Something was indeed wrong, but not what anyone would have imagined. The database developer discovered that the unidentified files were temporary files left by the database application. Each time the application was launched from the server, it downloaded the structure of the database and its application from the server and kept them locally until the client software was shut down. The presence of the temporary files meant that the receptionist wasn't quitting the application but only turning off her computer. If she wasn't quitting the database application properly, was she making backup copies?
As you can guess, she wasn't. The only backup that existed was the one the database developer made the day the application was installed and the data were migrated into the database. When asked why the backups weren't made, the receptionist admitted that it was just too much trouble. The solution was a warning from the office manager and additional training in backup procedures. The office manager also monitored the backups more closely.
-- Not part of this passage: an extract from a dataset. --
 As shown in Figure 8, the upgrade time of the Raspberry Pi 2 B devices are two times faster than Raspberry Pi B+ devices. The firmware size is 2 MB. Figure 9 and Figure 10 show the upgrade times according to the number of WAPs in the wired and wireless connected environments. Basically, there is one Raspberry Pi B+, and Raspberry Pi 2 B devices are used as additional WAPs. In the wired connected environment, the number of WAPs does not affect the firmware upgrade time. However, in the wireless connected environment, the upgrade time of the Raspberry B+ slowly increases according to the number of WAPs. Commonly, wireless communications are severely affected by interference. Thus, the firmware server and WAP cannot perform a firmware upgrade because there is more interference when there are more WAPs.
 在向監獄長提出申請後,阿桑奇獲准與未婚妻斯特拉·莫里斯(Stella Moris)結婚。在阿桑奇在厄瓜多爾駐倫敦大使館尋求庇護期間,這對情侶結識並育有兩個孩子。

The moral of this story is that just having a backup strategy in place isn't enough. You need to make certain that the backups are actually being made.
Disaster Recovery
The term disaster recovery refers to the activities that must take place to bring the database back into use after it has been damaged in some way. In large organizations, database disaster recovery will likely be part of a broader organizational disaster recovery plan. However, in a small organization, it may be up to the database administrator to coordinate recovery.
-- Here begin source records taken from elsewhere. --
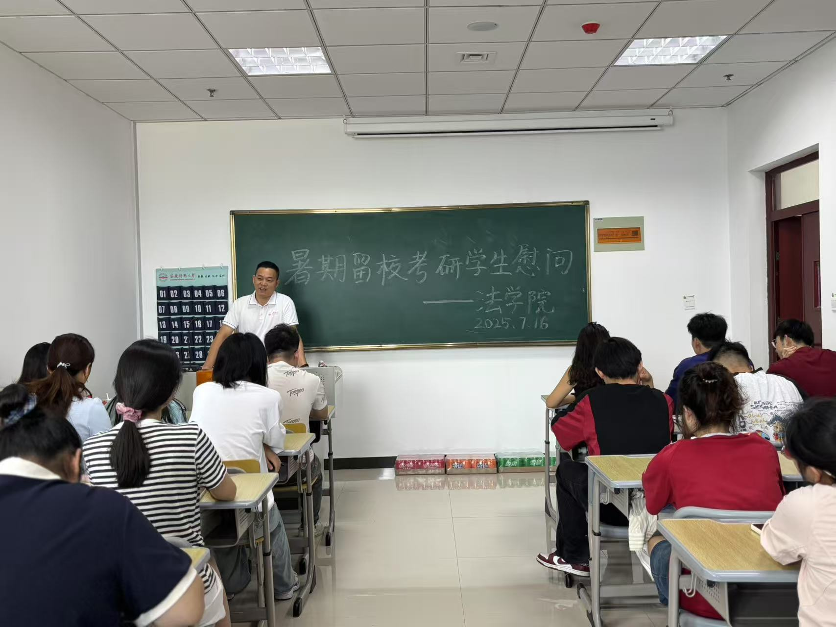 卫功兵向暑期留校考研的同学们致以亲切问候,肯定了同学们的辛苦和付出,并给予温馨提醒。他鼓励同学们坚定信心,抓住关键时期,执着进取,以坚韧不拔的意志书写青春奋斗篇章;希望同学们科学备考,明确目标,改进方法,劳逸结合,高效规划落实复习迎考的各项工作;提醒同学们注意安全,特别是防范电信网络诈骗,注意防火防盗防溺水,保持良好心态,以积极健康的精神面貌迎接人生新的挑战。
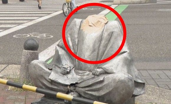 28일 NHK방송에 따르면 나고야시 니시구 한 상가 입구에 설치된 도요토미 동상 머리 부분이 떨어져 나간 상태로 발견됐다.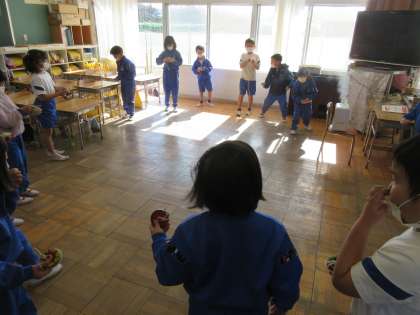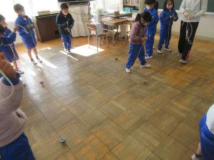 1年生の生活科「むかしのあそび」の単元です。みんなで色を塗ったコマを回していました。一斉に回すと壮観でした。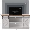 Farmhouse Wood & Metal Design: Supports TVs up to 65″ and also works as a stylish storage cabinet for décor and photos.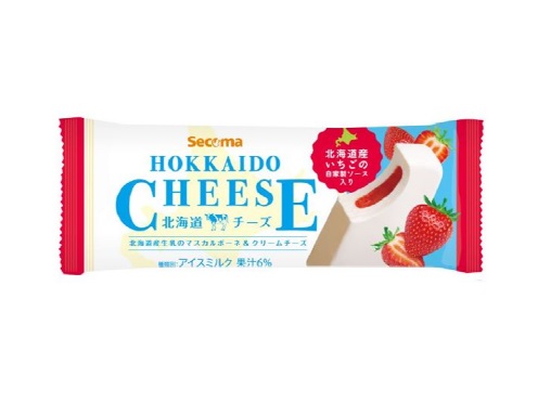 商品には北海道産生乳のマスカルポーネ・クリームチーズを使用。また、アイスの中には北海道産いちごの自家製いちごソースが入っている。チーズアイスのコクに甘酸っぱいいちごの酸味がマッチしたまるでデザートのようなアイスバー。価格は北海道では158円(本体価格、以下同)、茨城県・埼玉県では168円。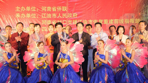 此次演出是在河南省對(duì)口援建江油的任務(wù)基本完成和由中國(guó)僑聯(lián)援建的北川中學(xué)即將竣工之際,河南省僑聯(lián)為了表達(dá)對(duì)援建、捐建四川地震災(zāi)區(qū)建設(shè)者的崇高敬意,組織近50名演員專場(chǎng)慰問演出。四川省僑聯(lián)從組織接待、提供用車、制定方案、聯(lián)絡(luò)協(xié)調(diào)、勘測(cè)場(chǎng)地、組織參觀、安全保障等給予了全方位的配合和支持。綿陽(yáng)市僑聯(lián)、江油外僑辦積極參與,組織有序,使2000多名援建工作者和當(dāng)?shù)厝罕姟W(xué)生觀看了演出,達(dá)到了慰問目的。(趙建中)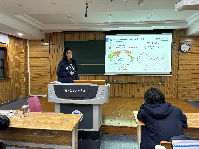 本次报告会中,21级吴雨涵、徐铭遥同学依次汇报了自己的近期成果。吴雨涵同学以“全球地表土壤湿度-蒸散发耦合状态的季节性变化探究”为题,通过对土壤湿度-蒸散发(SM-ET)耦合性质的分析,探究了该耦合的时空特征、与气温和降水的关系,以及在不同二氧化碳排放情景下,全球SM-ET耦合的变化情况。徐铭遥同学以“ENSO对东亚-西北太平洋区域北半球夏季季节内振荡的影响”为题,在得知向北传播的ISO与前一冬季ENSO存在相关关系的背景下,分别探究了年际变率的主导模态、ENSO对EAWNP-ISO的影响机制。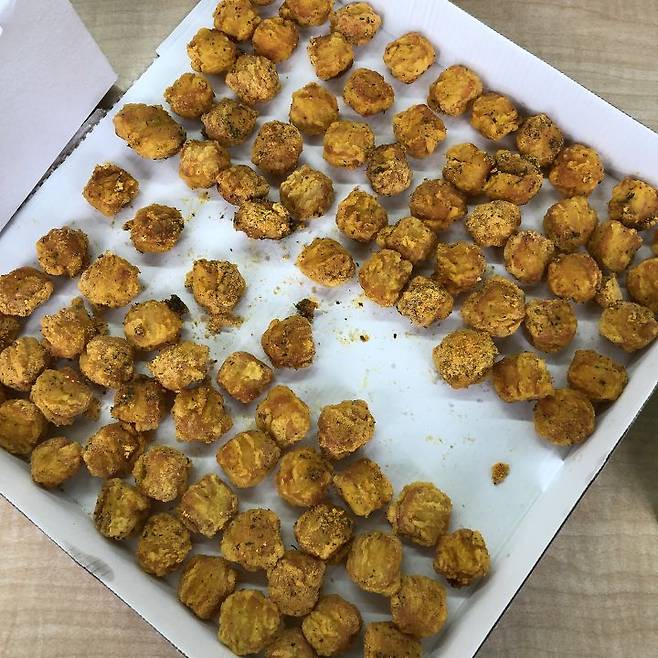 뿌링클 가루 양념 샤워를 마친 동글동글한 너겟들이 산처럼 쌓여있길래 내가 한번 세어봄(?)

A disaster recovery plan usually includes specifications for the following:
▪ Where backup copies will be kept so they will remain undamaged even if the server room is damaged
▪ How new hardware will be obtained
▪ How the database and its applications are to be restored from the backups
▪ Procedures for handling data until the restored database is available for use
▪ Lists of those affected by the database failure and procedures for notifying them when the failure occurs and when the database is available again
The location of backup copies is vitally important. If they are kept in the server room, they risk being destroyed by a flood, fire, or earthquake along with the server itself. At least one backup copy should therefore be stored off-site.
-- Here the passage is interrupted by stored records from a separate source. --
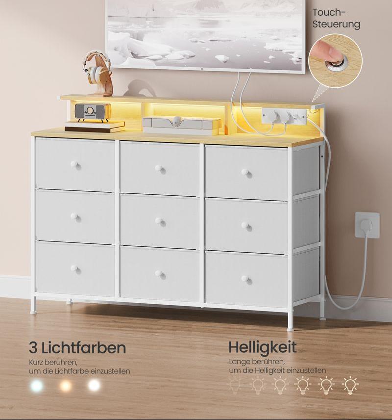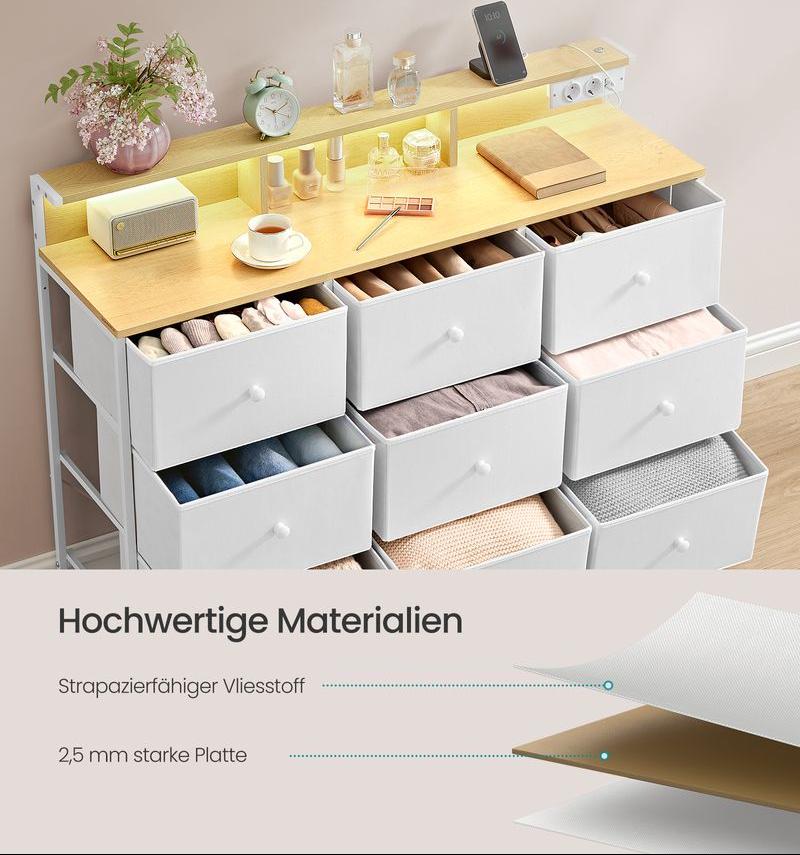 9 ευρύχωρα συρτάρια για ταξινόμηση και αποθήκευση ρούχων, κουβέρτες, κασκόλ κ.λπ., ανοιχτές θήκες για εύκολη πρόσβαση σε προϊόντα περιποίησης δέρματος και αρώματα, υπερυψωμένο ράφι για άλλα μικροαντικείμενα - όλα έχουν τη θέση τους.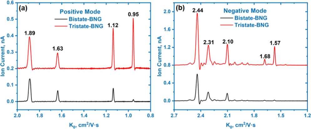 双态BNG工作模式下,增大GVD虽然可以提高分辨率,但会伴随严重的离子清空效应,导致低迁移率离子的灵敏度大幅下降。为了减少迁移率歧视效应,团队开发了三态BNG工作模式(图1c),在传统“开启-关闭”两状态间加入“压缩状态”,有效减少了高GVD下的离子清空区,让会聚的离子得以高效注入漂移区,同时保留了时间压缩效应带来的高分辨率。实验测试中,三态BNG模式相比于传统双态BNG模式展现出卓越性能(图4):正模式下(DEHP)H+的离子电流提高21.9倍,并保持96的分辨率;负模式下(MS·O2)−的离子电流提高26倍,分辨率达103。这一成果成功解决了传统模式中灵敏度与分辨率的矛盾,让不同迁移率的离子都能被高效检测,适用于其他使用BNG的IMS系统,从而提高复杂样品的分析性能。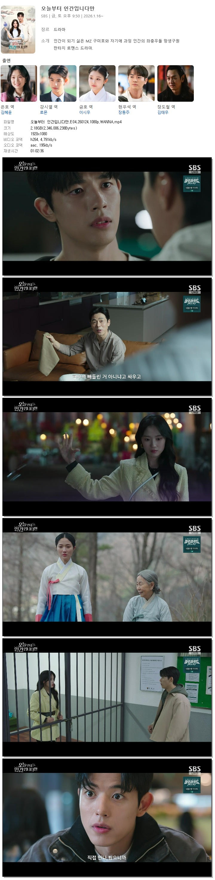 [SBS] 오늘부터 인간입니다만.E04.260124.1080p.WANNA[김혜윤, 로몬].mp4 2.2 G 01:02:36 1920x1080

Large organizations often contract with commercial data storage facilities to handle their backups. The storage facility maintains temperature-controlled rooms to extend the life of backup media. They may also operate trucks that deliver and pick up the backup media so that the off-site backup remains relatively current.
For small organizations, it's not unheard of for an IT staff member to take backups home for safekeeping. This probably isn't the best strategy, given that the backup may not be accessible when needed. Some use bank safe deposit boxes for offsite storage, although those generally are only accessible during normal business hours. If a small organization needs 24/7 access to off-site backup copies, the expense of using a commercial facility may be justified.
When a disaster occurs, an organization needs to be up and running as quickly as possible. If the server room and its machines are damaged, there must be some other way to obtain hardware. Small organizations can simply purchase new equipment, but they must have a plan for where the new hardware will be located and how network connections will be obtained.
Large organizations often contract with hot sites, businesses that provide hardware that can run the organization's software. Hot sites store backup copies and guarantee that they can have the organization's applications up and running in a specified amount of time.
Once a disaster recovery plan has been written, it must be tested. Organizations need to run a variety of disaster recovery drills, simulating a range of system failures. It is not unusual to discover that what appears to be a good plan on paper doesn't work in practice. The plan needs to be modified as needed to ensure that the organization can recover its information systems should a disaster occur.